Saved data entries:
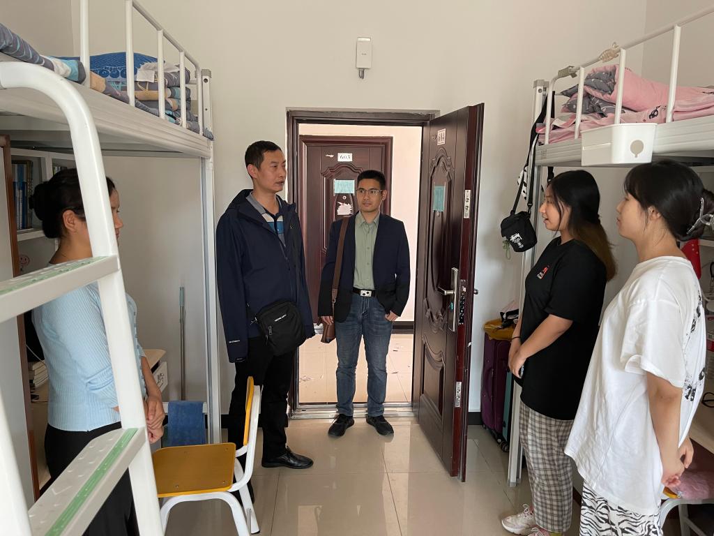 学院党委副书记张云姿带队对学生宿舍进行走访与安全检查。走访检查期间,张副书记详细询问了同学们开学以来的生活和学习情况,希望同学们和睦相处,共同营造文明友爱、干净卫生、安全有序的宿舍生活环境;提醒同学们要自觉遵守学校宿舍管理规章制度,要求同学们积极配合学校开展的各项安全检查工作,牢固树立安全意识,养成良好的行为习惯;叮嘱同学们在“十一”假期要注意安全,严格遵守疫情防控规定,留校的同学要多与家人联系,利用假期积极充实和提高自己。
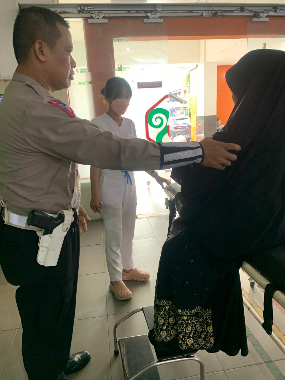 “Saat saya melakukan pengaturan dilokasi tersebut saya melihat ada ibu-ibu pejalan kaki lewat disamping saya saat melaksanakan pengaturan, tidak lama kemudian ibu itu duduk dan langsung terbaring pingsan jadi saya langsung inisiatif membawa ibu tersebut ke rumah sakit terdekat untuk mendapatkan pemeriksaan tentang apa yang dialami ibu tersebut,” jelas Aiptu Cipwanto.
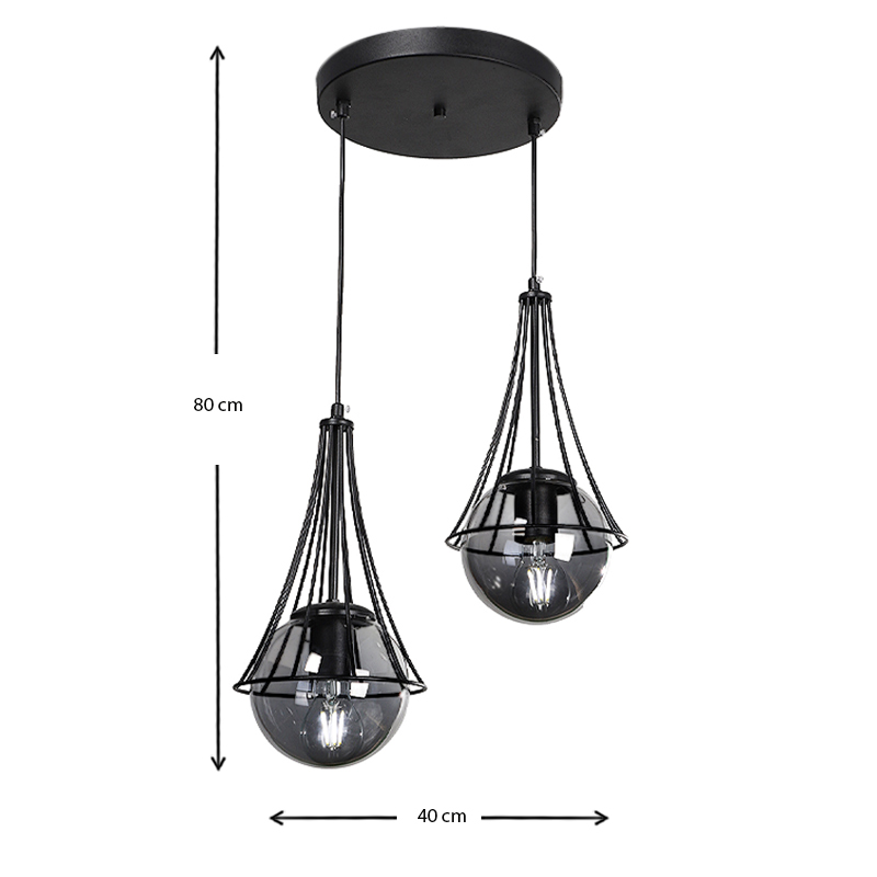 Φωτιστικό οροφής Chavi Megapap E27 μεταλλικό δίφωτο χρώμα μαύρο 40x40x80εκ.
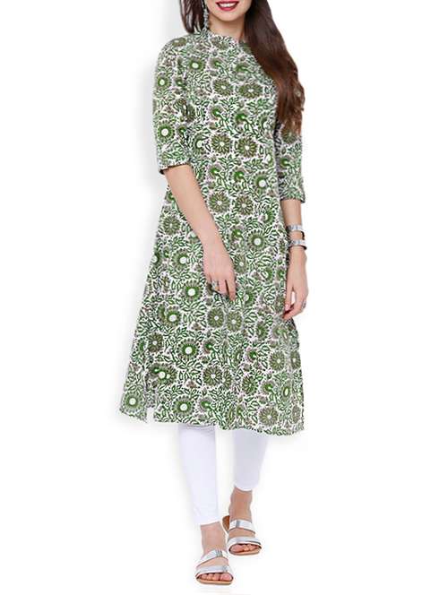 - » green cotton a-line kurta
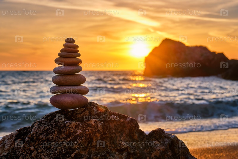 Концепция баланса и гармонии - каменная куча на пляже
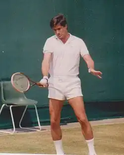 In 1969, Pasarell played Pancho Gonzales in what was, until 2010, the longest match in Wimbledon history in terms of the number of games played. The 41-year-old Gonzales finally defeated the 25-year-old 22–24, 1–6, 16–14, 6–3, 11–9 after a battle that lasted 5 hours and 12 minutes.[5] Pasarell was also the first man to beat the reigning champion in the first round at Wimbledon when in 1967 he beat Manuel Santana. In 1968, he narrowly lost to Ken Rosewall in the second round. Rex Bellamy, tennis correspondent of The Times, started his article the next day by stating that "The first open Wimbledon produced its first great match", and further stated: "Among the men who climb to high places there is a saying that the mountains bring you three things - men, battle, and beauty. The men are true, the battle is the only kind worth fighting, and the beauty in life. Rosewall and Pasarell took us to the mountains yesterday - and the air was like wine." Finally, after covering other matches, the article ends, "Yet the abiding memory will be of Rosewall and Pasarell. If they show films in Valhalla, this is a match the gods will want to see."[6] Pasarell achieved his best result at Wimbledon in 1976, when he lost in the quarterfinals to former world No. 1 Ilie Năstase, after wins against Jun Kamiwazumi, Vijay Amritraj, Adriano Panatta (ranked No. 4 in the world, having won both the Italian and French Opens), and Phil Dent.
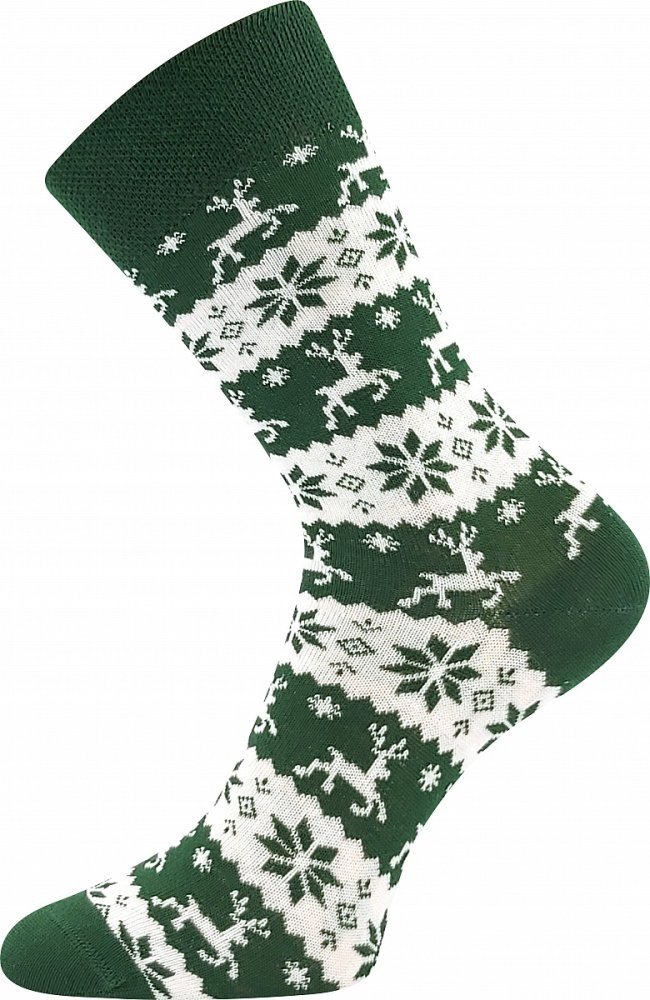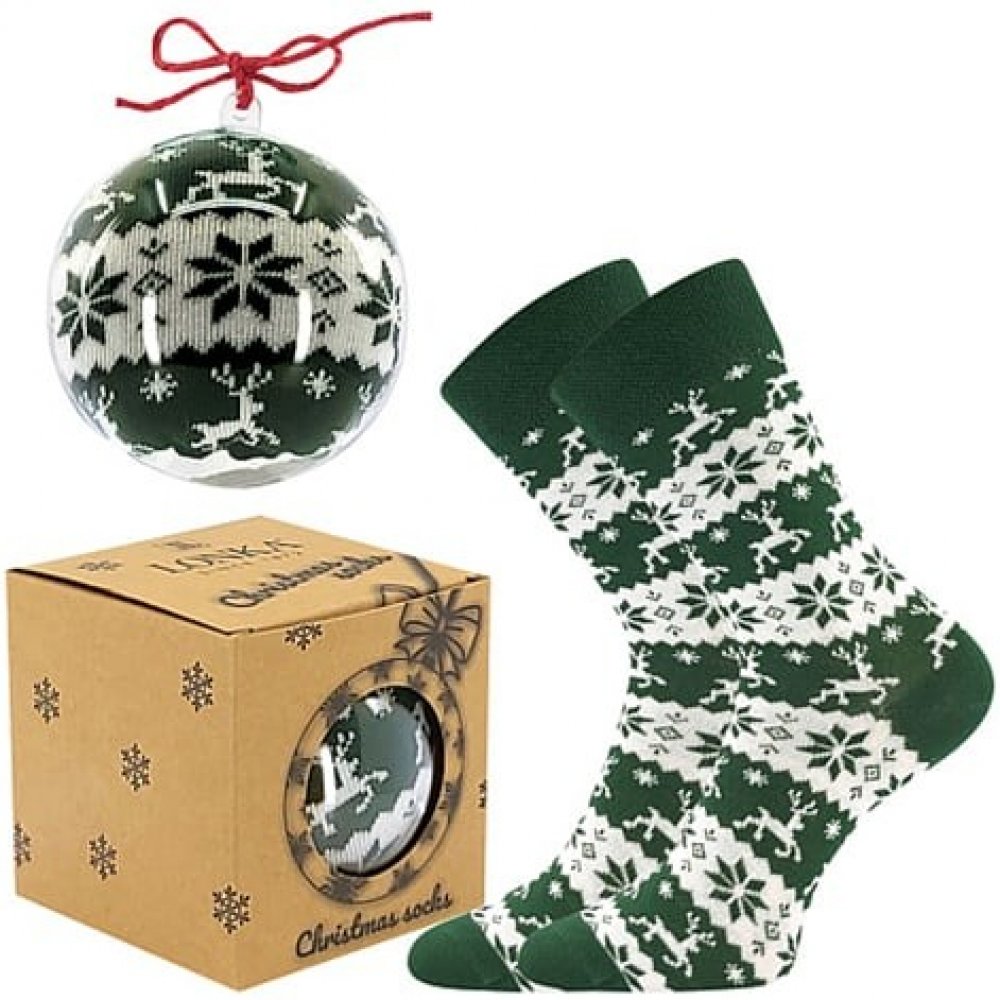 Vánoční ponožky Lonka ELFI jsou jsou dětské, dámské i pánské vánoční ponožky, které jsou vhodné jako originální dárek pod stromeček. Unisex ponožky se zimním motivem vloček a sobů jsou prostě kouzelné! Klasický norský design naladí tu správnou zimní atmosféru. Vtipné ponožky jsme zabalili do průhledné koule a dárkové krabičky, můžete je tedy pověsit rovnou na stromeček jako ozdobu, nebo je darovat...

— Task item —
Please restate the data word for word, leaving out any picture it holds.

— Exercise answer —
 学院党委副书记张云姿带队对学生宿舍进行走访与安全检查。走访检查期间,张副书记详细询问了同学们开学以来的生活和学习情况,希望同学们和睦相处,共同营造文明友爱、干净卫生、安全有序的宿舍生活环境;提醒同学们要自觉遵守学校宿舍管理规章制度,要求同学们积极配合学校开展的各项安全检查工作,牢固树立安全意识,养成良好的行为习惯;叮嘱同学们在“十一”假期要注意安全,严格遵守疫情防控规定,留校的同学要多与家人联系,利用假期积极充实和提高自己。
 “Saat saya melakukan pengaturan dilokasi tersebut saya melihat ada ibu-ibu pejalan kaki lewat disamping saya saat melaksanakan pengaturan, tidak lama kemudian ibu itu duduk dan langsung terbaring pingsan jadi saya langsung inisiatif membawa ibu tersebut ke rumah sakit terdekat untuk mendapatkan pemeriksaan tentang apa yang dialami ibu tersebut,” jelas Aiptu Cipwanto.
 Φωτιστικό οροφής Chavi Megapap E27 μεταλλικό δίφωτο χρώμα μαύρο 40x40x80εκ.
 - » green cotton a-line kurta
 Концепция баланса и гармонии - каменная куча на пляже
 In 1969, Pasarell played Pancho Gonzales in what was, until 2010, the longest match in Wimbledon history in terms of the number of games played. The 41-year-old Gonzales finally defeated the 25-year-old 22–24, 1–6, 16–14, 6–3, 11–9 after a battle that lasted 5 hours and 12 minutes.[5] Pasarell was also the first man to beat the reigning champion in the first round at Wimbledon when in 1967 he beat Manuel Santana. In 1968, he narrowly lost to Ken Rosewall in the second round. Rex Bellamy, tennis correspondent of The Times, started his article the next day by stating that "The first open Wimbledon produced its first great match", and further stated: "Among the men who climb to high places there is a saying that the mountains bring you three things - men, battle, and beauty. The men are true, the battle is the only kind worth fighting, and the beauty in life. Rosewall and Pasarell took us to the mountains yesterday - and the air was like wine." Finally, after covering other matches, the article ends, "Yet the abiding memory will be of Rosewall and Pasarell. If they show films in Valhalla, this is a match the gods will want to see."[6] Pasarell achieved his best result at Wimbledon in 1976, when he lost in the quarterfinals to former world No. 1 Ilie Năstase, after wins against Jun Kamiwazumi, Vijay Amritraj, Adriano Panatta (ranked No. 4 in the world, having won both the Italian and French Opens), and Phil Dent.
 Vánoční ponožky Lonka ELFI jsou jsou dětské, dámské i pánské vánoční ponožky, které jsou vhodné jako originální dárek pod stromeček. Unisex ponožky se zimním motivem vloček a sobů jsou prostě kouzelné! Klasický norský design naladí tu správnou zimní atmosféru. Vtipné ponožky jsme zabalili do průhledné koule a dárkové krabičky, můžete je tedy pověsit rovnou na stromeček jako ozdobu, nebo je darovat...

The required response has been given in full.